§ Dataset content
BEGIN
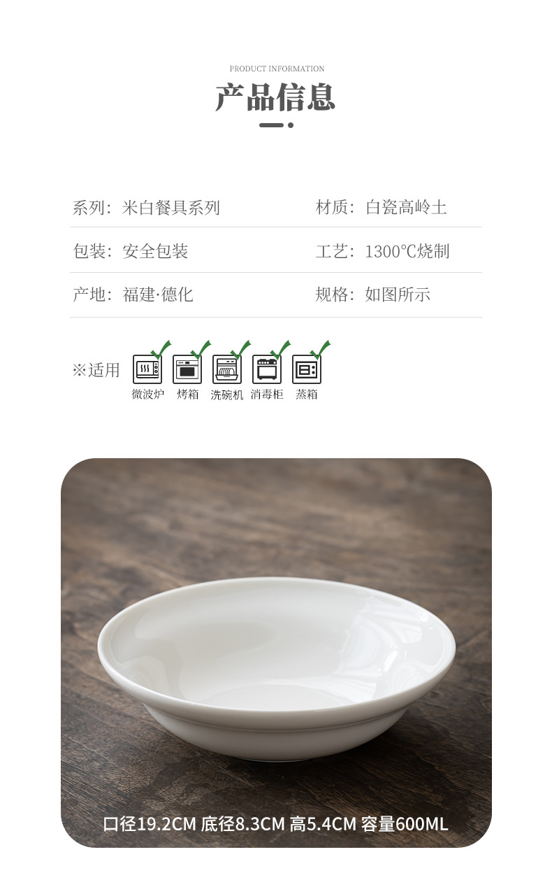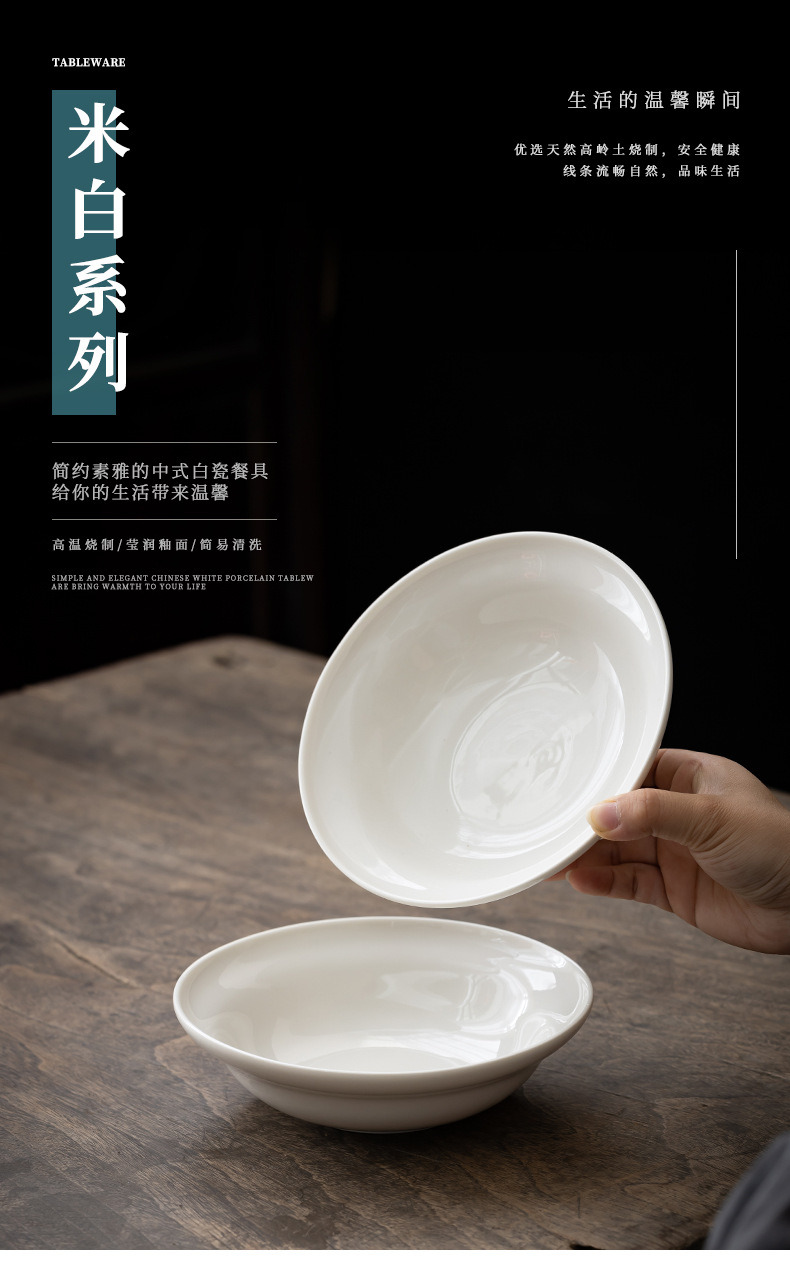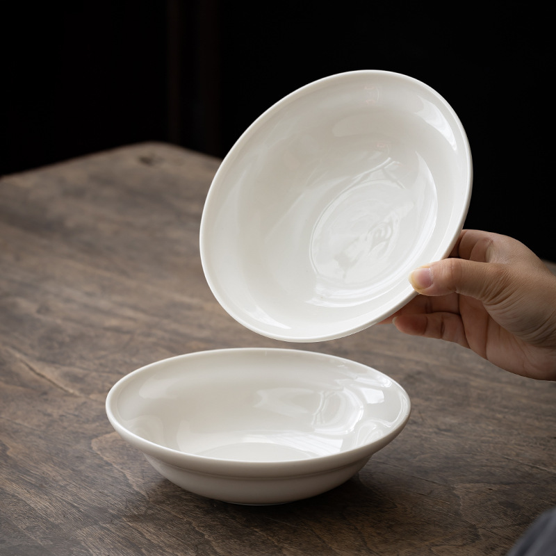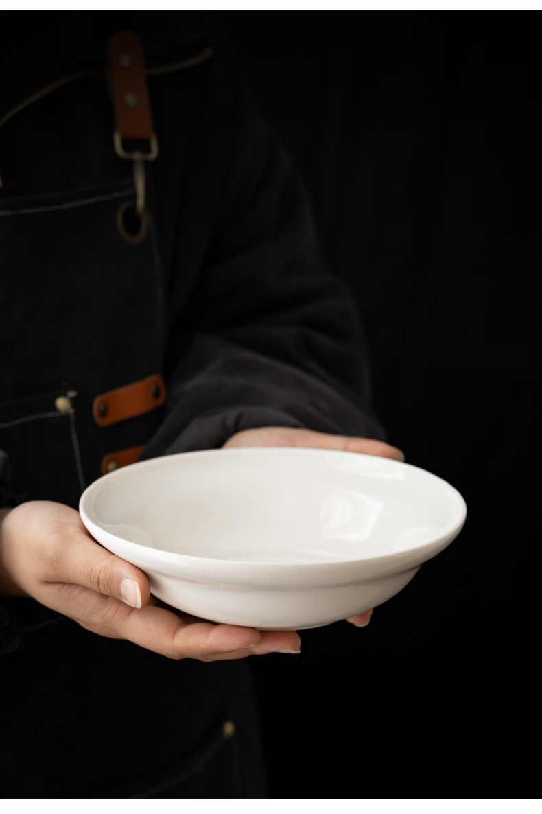[오프화이트] Dehua 백자 UFO 수프 접시 7.5inch 세라믹 볶음 접시 600ml 샐러드 접시스토어 가기
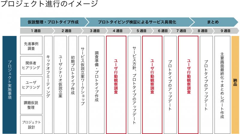 体験設計が出来るまでの大まかな流れとしては、「ユーザ行動観察調査」→「仮説を立てる」→「仮説を基にしたプロトタイピングをユーザに試してもらう」というループですね。
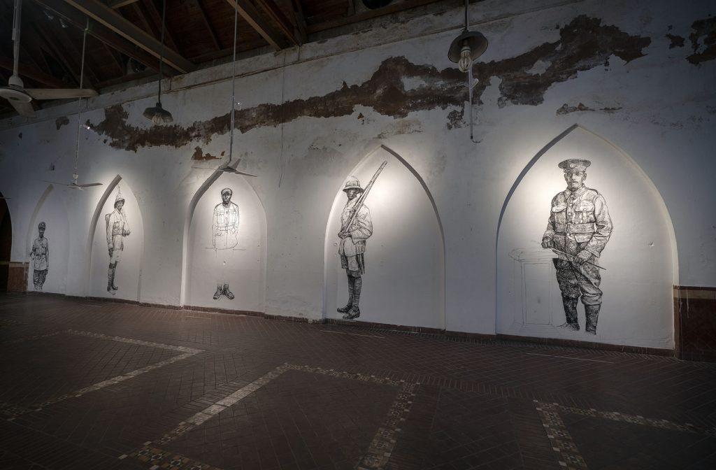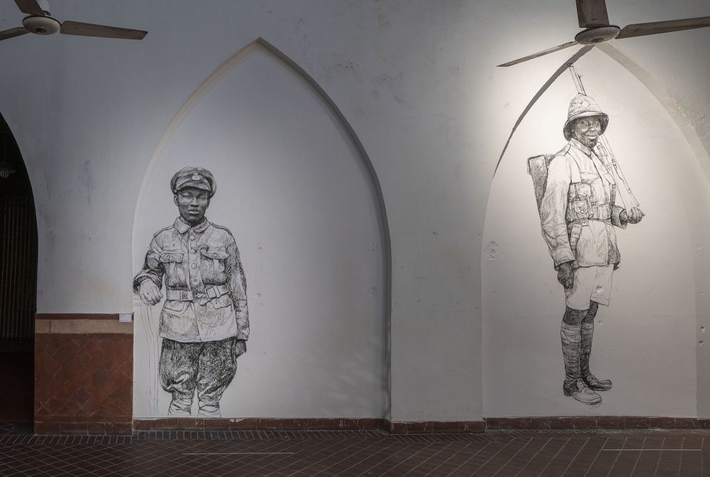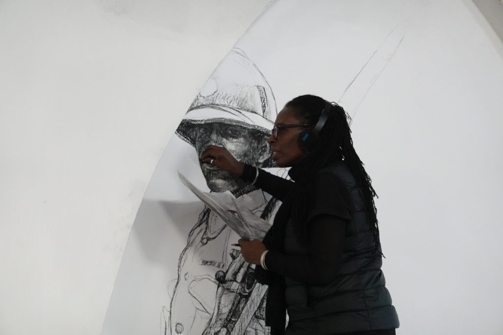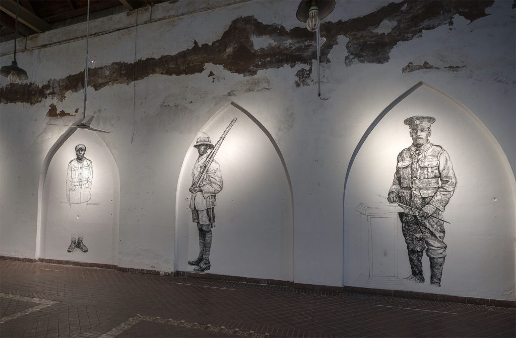In Alchemy the British artist Barbara Walker addresses issues of race and segregation in the military. This new series of site-specific, large-scale wall drawings depict soldiers from the Commonwealth in World War I. Acknowledging the contribution of Black servicemen and women to British war efforts is a key concern in Walker’s recent work; she attends to a prevailing absence of representation in our museums and archives, and a missing opportunity to celebrate, respect and remember. The use of erasure and the void within her images signifies what she sees as a gap in the collective consciousness of a nation. History is central to Walker’s practice. In common with her wider body of work, Transcended looks to redress the story with a broader perspective, giving voice where before there was none. Walker references the role of Black soldiers in the First World War, and the thousands of West Indians who volunteered to fight with the British army. Fearing the consequences of empowering Black servicemen to engage and kill a white enemy, the British Government in 1914 initially kept Black soldiers off the frontline and deployed them instead for menial tasks such as digging trenches and moving artillery shells. Once the staggering losses became apparent, the policy changed and Black soldiers were swiftly deployed to fight in combat from 1915. Made in charcoal and ephemeral in nature, Walker’s drawings are striking and bold. They portray soldiers from the British West Indian Regiment who died and were buried in graves in Taranto, Italy, following a mutiny that lasted four days in December 1918. Poignant and affecting, they reference current and recent British conflict alongside historical events of warfare involving Britain and the colonised nations of the British Empire
END
§ Try it
Restate each line from the start of the listing through the line bearing "体験設計が出来るまでの大まか" word for word. Drop the pictures.

§ Result for this exercise
[오프화이트] Dehua 백자 UFO 수프 접시 7.5inch 세라믹 볶음 접시 600ml 샐러드 접시스토어 가기
 体験設計が出来るまでの大まかな流れとしては、「ユーザ行動観察調査」→「仮説を立てる」→「仮説を基にしたプロトタイピングをユーザに試してもらう」というループですね。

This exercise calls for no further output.